WHAT YOU ARE ASKED TO DO
Copy, word for word, the opening line of the data and each line after it until the line that contains "ロシア伝統の原色系べた塗りの", which is included. Leave the pictures out.

** Opening DATA PROVIDED block **

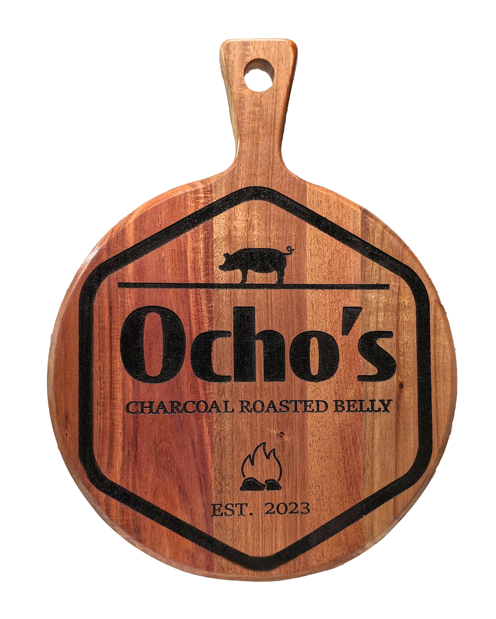 This wooden, round, paddle-cutting board can be customized with your name and graphics. We will work together to create a design that suits your taste.
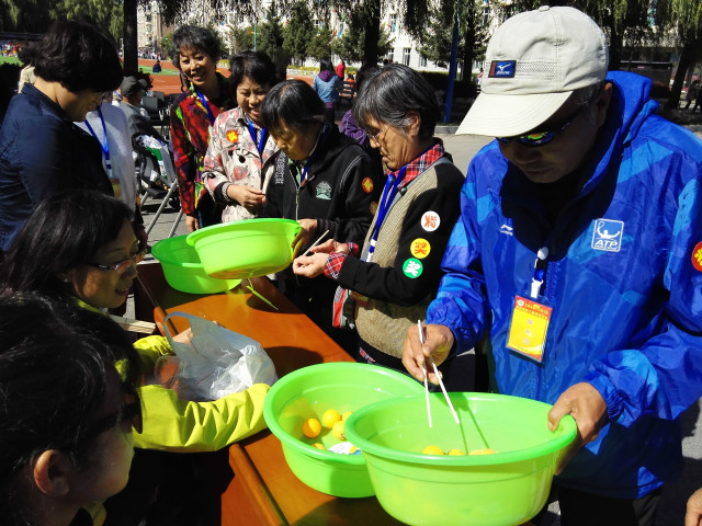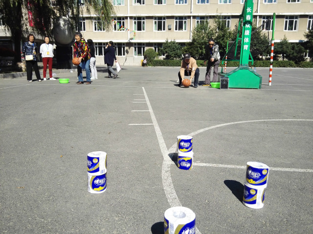 今年活动的主题是“运动收获快乐健康相伴晚年”。在校工会的组织协调下,在校办、总务、图书馆、中学体育组各位同事的大力支持下,趣味运动会取得了圆满成功。工会、体育组根据老年人的身体条件和心理特点设立了拖球接力、乒乓球搬家、创意保龄球和幸运接力等项目,这些项目既适合老年人的体力,又具有一定的趣味性。参加运动项目的老师中既有耄耋之年的老教师,也有退休不久的“小年轻”。他们一面互致问候,一面饶有兴趣地参加各项比赛。他们精神矍铄,既遵守游戏规则,又开朗豁达,不论竞技输赢都很高兴。趣味运动场面气氛热烈,洋溢着他们的歌声与微笑。
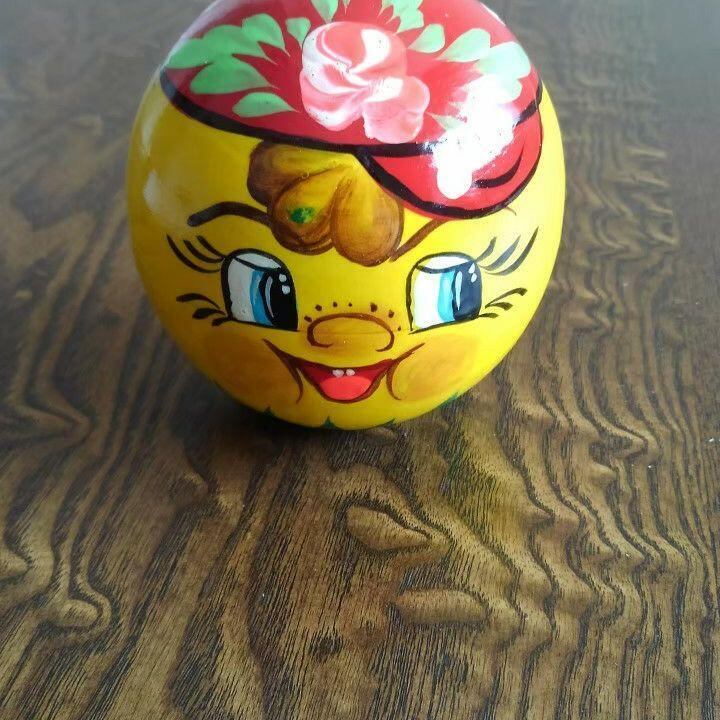 ロシア伝統の原色系べた塗りのカラフルな木製工芸品です。手に持ったり左右に揺らしたりすると、鈴のカランコロンという音が鳴ります。
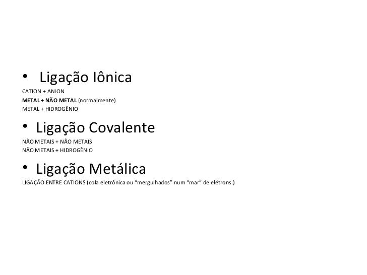 2. 2. • Ligação IônicaCATION + ANIONMETAL + NÃO METAL (normalmente)METAL + HIDROGÊNIO• Ligação CovalenteNÃO METAIS + NÃO METAISNÃO METAIS + HIDROGÊNIO• Ligação MetálicaLIGAÇÃO ENTRE CATIONS (cola eletrônica ou “mergulhados” num “mar” de elétrons.)

** Closing DATA PROVIDED block **

RESULT
 This wooden, round, paddle-cutting board can be customized with your name and graphics. We will work together to create a design that suits your taste.
 今年活动的主题是“运动收获快乐健康相伴晚年”。在校工会的组织协调下,在校办、总务、图书馆、中学体育组各位同事的大力支持下,趣味运动会取得了圆满成功。工会、体育组根据老年人的身体条件和心理特点设立了拖球接力、乒乓球搬家、创意保龄球和幸运接力等项目,这些项目既适合老年人的体力,又具有一定的趣味性。参加运动项目的老师中既有耄耋之年的老教师,也有退休不久的“小年轻”。他们一面互致问候,一面饶有兴趣地参加各项比赛。他们精神矍铄,既遵守游戏规则,又开朗豁达,不论竞技输赢都很高兴。趣味运动场面气氛热烈,洋溢着他们的歌声与微笑。
 ロシア伝統の原色系べた塗りのカラフルな木製工芸品です。手に持ったり左右に揺らしたりすると、鈴のカランコロンという音が鳴ります。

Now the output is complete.